If you’ve ever experienced a sleepless night, you’re certainly not alone. According to the American Academy of Sleep Medicine, about 30% of adults in the United States have short-term insomnia, while 10% have chronic insomnia.
Insomnia can be caused by a variety of factors, including stress, anxiety, poor sleep habits, and medical conditions.
Regardless of the cause, insomnia can be a frustrating and debilitating condition, leaving you feeling tired and sluggish throughout the day.
While there are a number of treatments available for insomnia, including medication and therapy, one simple and natural remedy that’s often overlooked is exercise.
The Benefits of Exercise for Insomnia
Regular exercise has been shown to have a number of benefits for those suffering from insomnia. Here are just a few:.
1. Reduced Stress and Anxiety
Stress and anxiety are common causes of insomnia. Exercise has been shown to reduce the levels of stress and anxiety in the body, leading to better sleep at night.

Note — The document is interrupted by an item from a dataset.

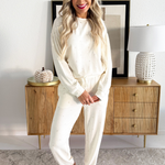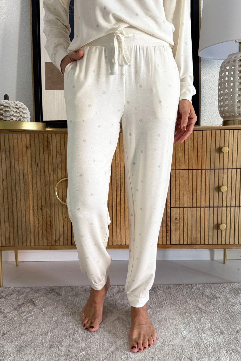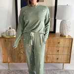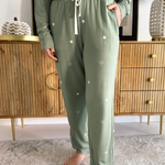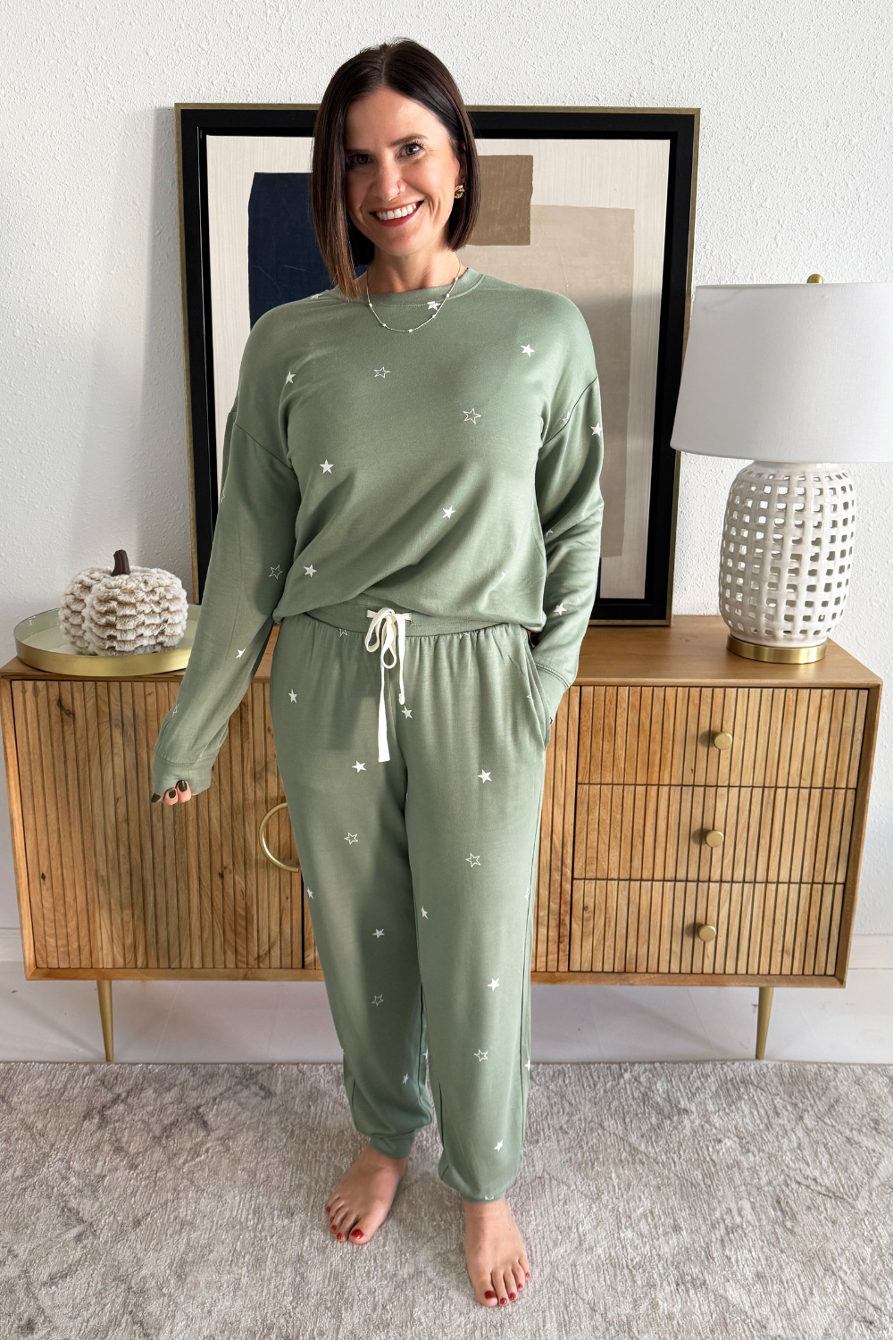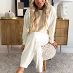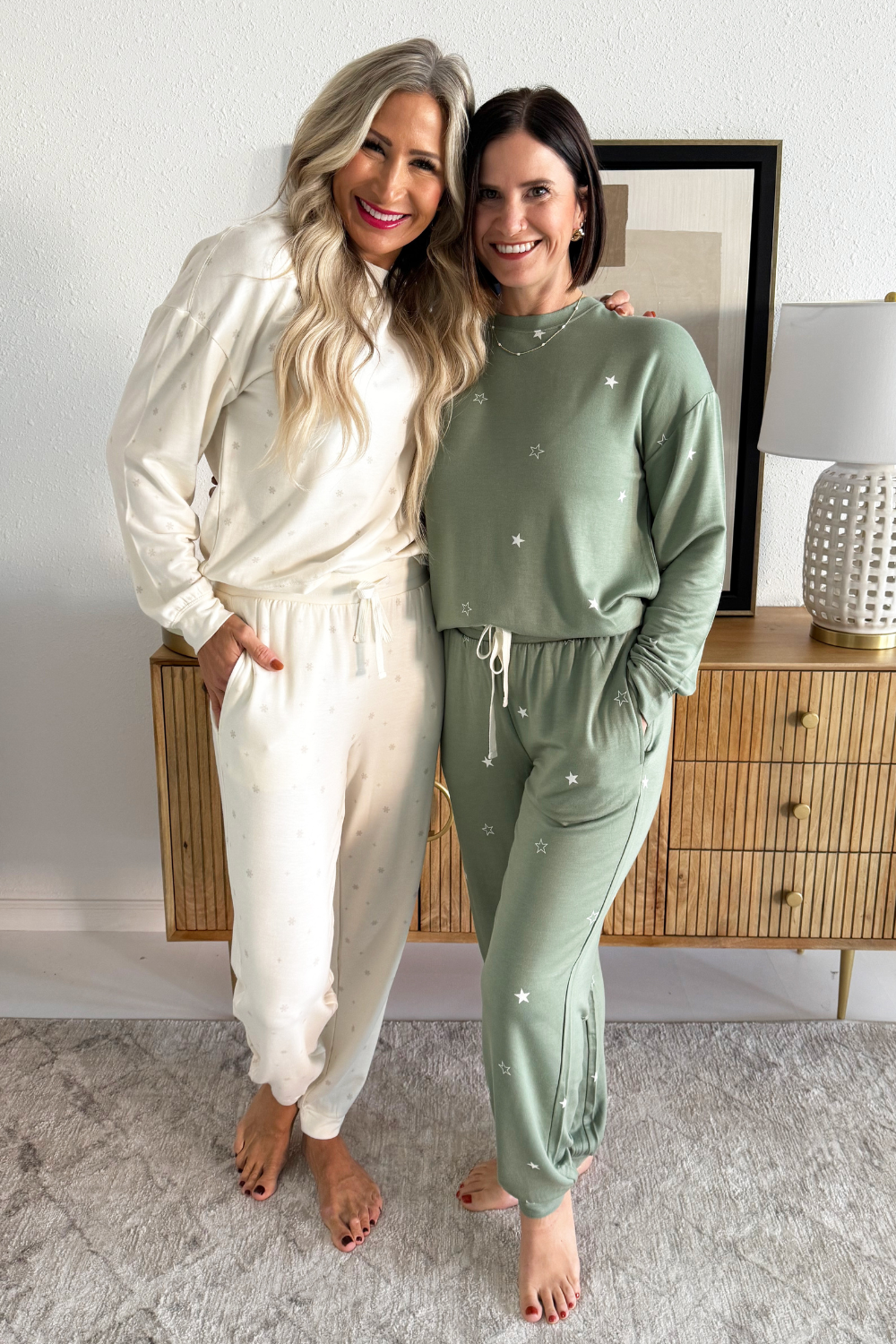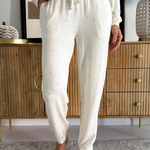 Keep it cozy with the Belle Pajama Set from Thread and Supply! Featuring subtle details, pants with drawstring waistband and a jogger silhouette, these are perfect for the holiday season!

2. Increased Sleep Quality
People who exercise regularly have been found to have higher quality sleep than those who don’t. This includes falling asleep faster, staying asleep longer, and experiencing fewer interruptions during the night.
3. Improved Mood
Exercise has been shown to increase the production of endorphins, the feel-good chemicals in your brain. This boost in mood can lead to better sleep as well.
4. More Energy During the Day
People who suffer from insomnia often feel tired and sluggish throughout the day. Regular exercise can help to increase your energy levels, making it easier to get through the day without feeling exhausted.
The Best Exercises for Insomnia
While any form of exercise is beneficial for those with insomnia, there are certain types of exercise that are particularly effective.
1. Yoga
Practicing yoga has been shown to help with both stress and anxiety, which can lead to better sleep. Additionally, certain yoga poses, such as the corpse pose and the seated forward bend, can help to calm the mind and body.
2. Cardiovascular Exercise
Cardiovascular exercise, such as running or cycling, has been shown to improve sleep quality and reduce insomnia symptoms.
However, it’s important to avoid doing high-intensity exercise too close to bedtime, as this can actually have negative effects on sleep.
3. Strength Training
Strength training, such as weightlifting or bodyweight exercises, can also be helpful for insomnia. This type of exercise has been shown to increase sleep quality and improve overall sleep patterns.
4. Stretching
Stretching exercises, such as those done in a yoga class or on your own, can help to release tension in the muscles and promote relaxation. This can be especially helpful for those with insomnia.
When to Exercise for Insomnia
While exercise is certainly beneficial for those with insomnia, it’s important to time your workouts correctly. Here are some tips:.
1. Exercise during the day
Avoid exercising too close to bedtime, as this can actually make it harder to fall asleep. Instead, try to exercise in the morning or early afternoon.
2. Finish exercising a few hours before bedtime
If you do exercise in the evening, make sure to finish your workout at least a few hours before going to bed. This will give your body time to cool down and relax before bedtime.
3. Avoid high-intensity exercise before bed
While exercise is generally good for insomnia, high-intensity workouts can actually have negative effects on sleep. Avoid doing high-intensity exercise within a few hours of bedtime.
Conclusion
If you’re struggling with insomnia, exercise can be a simple and natural way to improve your sleep.
Whether you choose to do yoga, cardio, strength training, or stretching, any form of exercise has been shown to have positive effects on sleep quality and overall sleep patterns. Just be sure to time your workouts correctly and avoid doing high-intensity exercise too close to bedtime.